With Nanotech the building blocks of matter become ours to play with– we literally become as gods, free to shape the universe. This might take a little longer than 5 years, but we’ll get there.
One of the themes of the PSFK NYC 2012 conference is “Creativity in Action.” Are there specific environments or processes that you use to foster creative thinking and novel ideas?
Tom Robbins says you can’t manufacture creativity or wonderment, but you can pull yourself out of context so dramatically that you gawk in amazement at the ubiquitous everyday wonders you’re culturally conditioned to ignore. I think this is key: To get new ideas we need to see the world with new eyes–we need to evoke a novel way of seeing things. For me that involves throwing myself into new situations. Some of the thinkers I respect the most have credited travel, walks in the park, and marijuana as creativity catalysts. Really, its anything that triggers free association and the right conceptual collision. We need disruption of the profane so that we can engage with the sacred and creative.
In past talks, you explore the idea of “engineering inspiration/epiphany and hacking the human operating system.” What is the most effective method you’ve found to create these flashes of insight?

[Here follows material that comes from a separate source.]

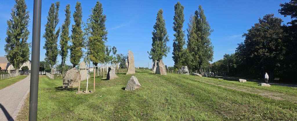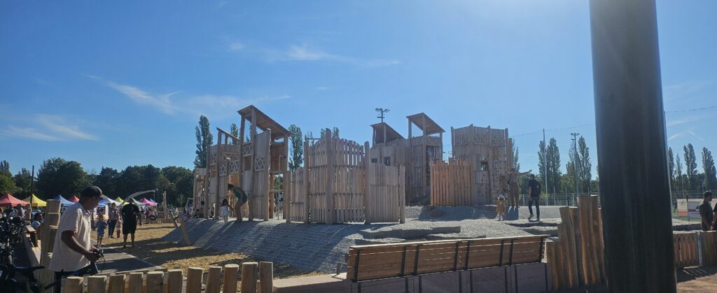 Nous sommes arrivés vers 10h pour découvrir le tout nouveau parc de Strasbourg. En effet, ce samedi 20 septembre avait lieu l’inauguration du Parc des Romains. 5,5 hectares de verdure à l’entrée de Koenigshoffen, avec une énorme structure en bois représentant un oppidum pour les enfants. Ah la la, qu’est-ce que j’aurais aimé avoir 6 ans à ce moment! Outre les jeux, beaucoup de verdure, hâte d’y retourner quand les arbres auront poussé et qu’il y aura des fleurs.

I like the term by Steve Silberman of performing a meta cognitive hack of the human operating system– we can do this by studying how environments shape our thinking. We need to learn to perceive the feedback loops between our creative and linguistic choices and our consciousness. Rich Doyle says once we realize the extraordinary capacity we have to literally sculpt our experience, we might get a sense of Vertigo…. except that when we harness this ability we see how truly free we really are. SO YES: We can engineer AWE by studying its precursors and planning for them. My short videos at vimeo.com/jasonsilva are my latest example at creating a ‘micro psychedelic’ experience using information technology instead of chemical technology, but they do the same thing: they epiphanize you by pulling you out of context and reformatting your consciousness a tad bit.